* _Prompt_:
Begin your copy at the line that holds "明亮、簡(jiǎn)潔的公寓" and carry it through the final line of the data, writing out each line exactly and omitting pictures.

* _Supplied data_:

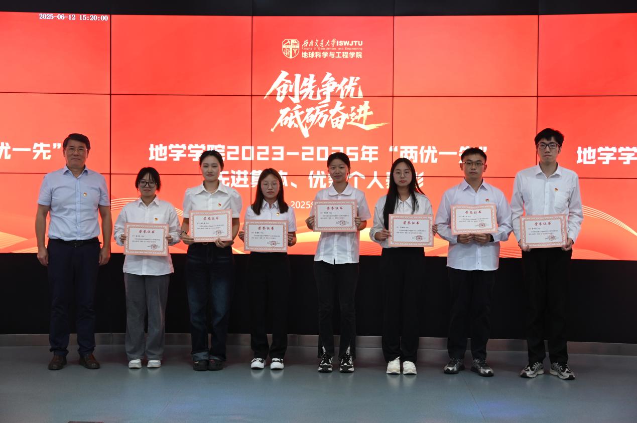 委员会关于2024-2025年“两优一先”表彰的决定》。关秦川同志、郑波同志、胡卸文同志依次为优秀共产党员、优秀党务工作者和先进党支部代表进行颁奖。
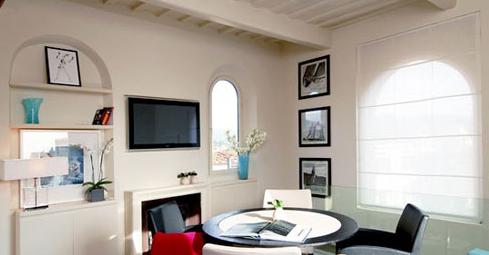 明亮、簡(jiǎn)潔的公寓客廳。雖然面積不大,卻井然有序。拱形的窗戶有著典型的意大利建筑風(fēng)格。
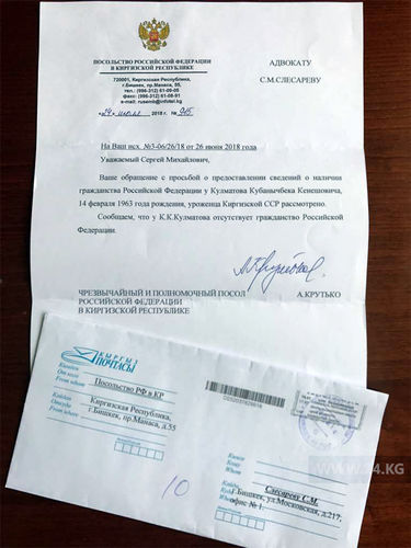 По его словам, в ответе Чрезвычайного и Полномочного Посла РФ Андрея Крутько сказано, что у уроженца Киргизской ССР Кубанычбека Кулматова отсутствует гражданство РФ.

* _Written response_:
 明亮、簡(jiǎn)潔的公寓客廳。雖然面積不大,卻井然有序。拱形的窗戶有著典型的意大利建筑風(fēng)格。
 По его словам, в ответе Чрезвычайного и Полномочного Посла РФ Андрея Крутько сказано, что у уроженца Киргизской ССР Кубанычбека Кулматова отсутствует гражданство РФ.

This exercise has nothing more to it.